Congrats. I set out to do my first century two Saturdays ago, but it poured over half an inch of rain on us in 49 degrees w/ probably a 20 mph headwind out of the south. I couldn't decide what was worse, being in front and dealing with the headwind, or the shower of dirty road water coming off my buddy's rear wheel. I was ill-equipped for that much rain, and was soaked by the first stop. So we (and many others, it seemed) took the 55 mile route. Funny, as we rode the 5 mile north/south part and stopped for a snack, the wind managed to switch 180 degrees to meet us as we turned north for 20 miles to finish the loop! The conditions were so poor that we ended up averaging a blistering 14 mph for the ride, and we were among the first 5 or 6 to finish the short route. But it was still fun. I'm looking forward to the next planned century around here so I can give it another go.


----------



## merckx_rider (Aug 20, 2008)

Set you straight: "A Double" is 200 miles.
My first century was on a mtb with 2in wide city slickers through upstate New York, from Albany to Amsterdam and back. The only support I had was a store in amsterdam that I bought a big A$$3d hogie and ate it in the parking lot with a 16oz bottle of Coke. Then I rode home.... I didn't get any pat on the back or braggin rights on the internet matter of fact my friends thought I was crazy....


----------



## rsutton1223 (May 19, 2008)

merckx_rider said:


> Set you straight: "A Double" is 200 miles.
> My first century was on a mtb with 2in wide city slickers through upstate New York, from Albany to Amsterdam and back. The only support I had was a store in amsterdam that I bought a big A$$3d hogie and ate it in the parking lot with a 16oz bottle of Coke. Then I rode home.... I didn't get any pat on the back or braggin rights on the internet matter of fact my friends thought I was crazy....

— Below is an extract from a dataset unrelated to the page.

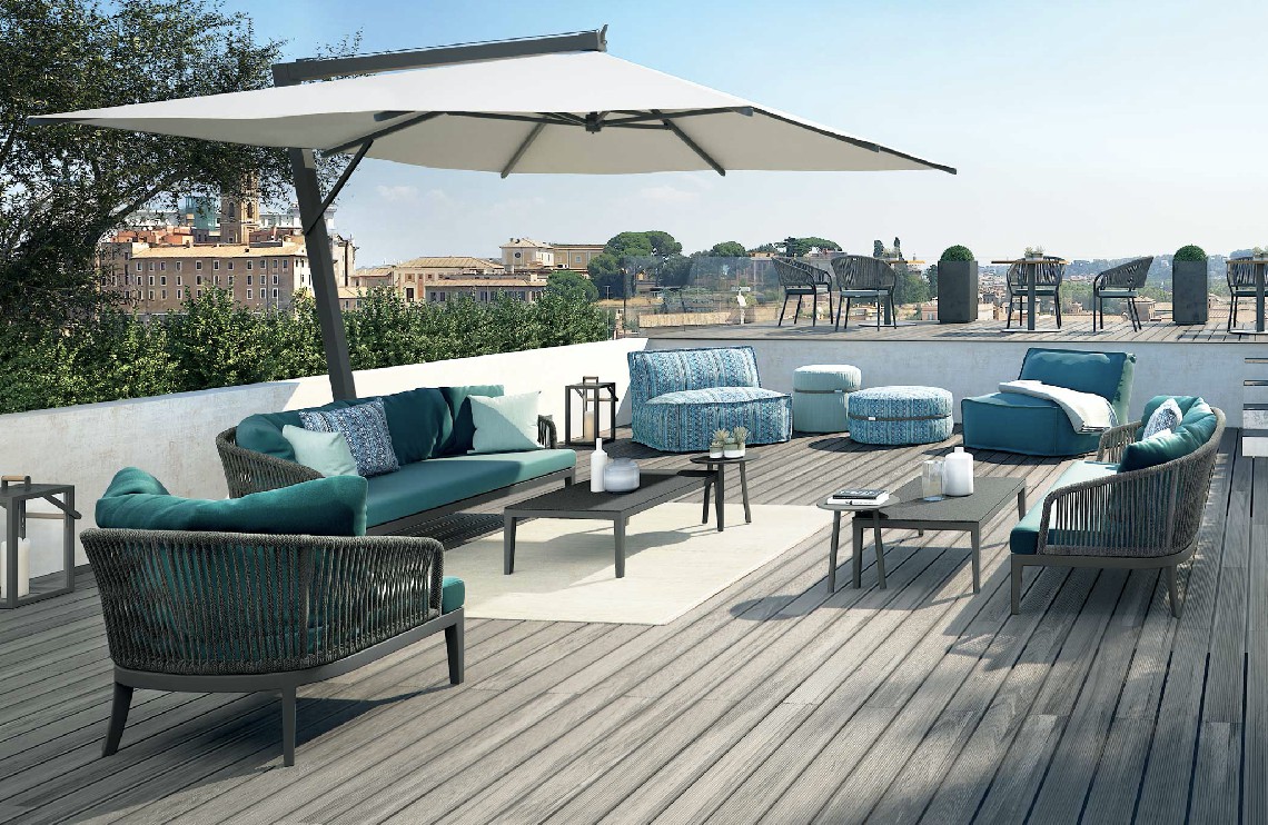 Un carattere signorile ed elegante cela un’anima minimale e giocosa. Fibre tessili sfumano in gradevoli nuances di verdi salvia e oliva che modellano forme morbide e ergonomicamente confortevoli. Una struttura in alluminio bianco o grafite risolve il problema degli spazi ibridi tra in e out coniugando molteplici soluzioni di arredo.

Thanks for the heads up...

Most places I had seen it listed as a century or double (metric).


----------



## nOOky (Mar 20, 2009)

Congrats on your first century! My first century was on a mt bike, 102 miles in 5 hours. Even had IRC Mythos tires on! 
I wouldn't try for a double, just try and do 100 miles faster


----------



## livin4lax09 (Mar 15, 2008)

fun stuff, I just did one yesterday! I frequently start to feel it around mile 80, awesome that you had your friend there to help you out with those last miles which are often the most painful! Well done!


----------



## ROAD&DIRT (Mar 27, 2009)

Congrats on finishing the "Century"... I'm working on riding my first CENTURY this September. Just finshed a 42 mile group ride this month and now getting ready for my first 62 mile group next month. I just hope by the time I'm riding my Century I have the stamina to finsh like you...


----------



## fireplug (Nov 19, 2008)

congrats...can't wait until I can build my legs up to finish one my self


----------



## jsedlak (Jun 17, 2008)

Congrats! That is quite the achievement!


----------



## rsutton1223 (May 19, 2008)

I was surprised that it really wasn't that difficult. It wasn't easy but if you pace yourself correctly...its doable. Just remember to ride your own ride and not anyone else's...and try to hold onto the draft as long as you possibly can.


----------



## Spanky_88007 (Aug 28, 2008)

*Woohoo!*

My first century is in two days.


----------



## rook (Apr 5, 2009)

Congrats! That first century is always a good feeling for all of us.


----------



## Crank it up (Apr 28, 2009)

Way to go. I am planning my first century this year and am anticipating it enormously.


----------



## rook (Apr 5, 2009)

by the way. Welcome to the club!


----------



## rsutton1223 (May 19, 2008)

Crank it up said:


> Way to go. I am planning my first century this year and am anticipating it enormously.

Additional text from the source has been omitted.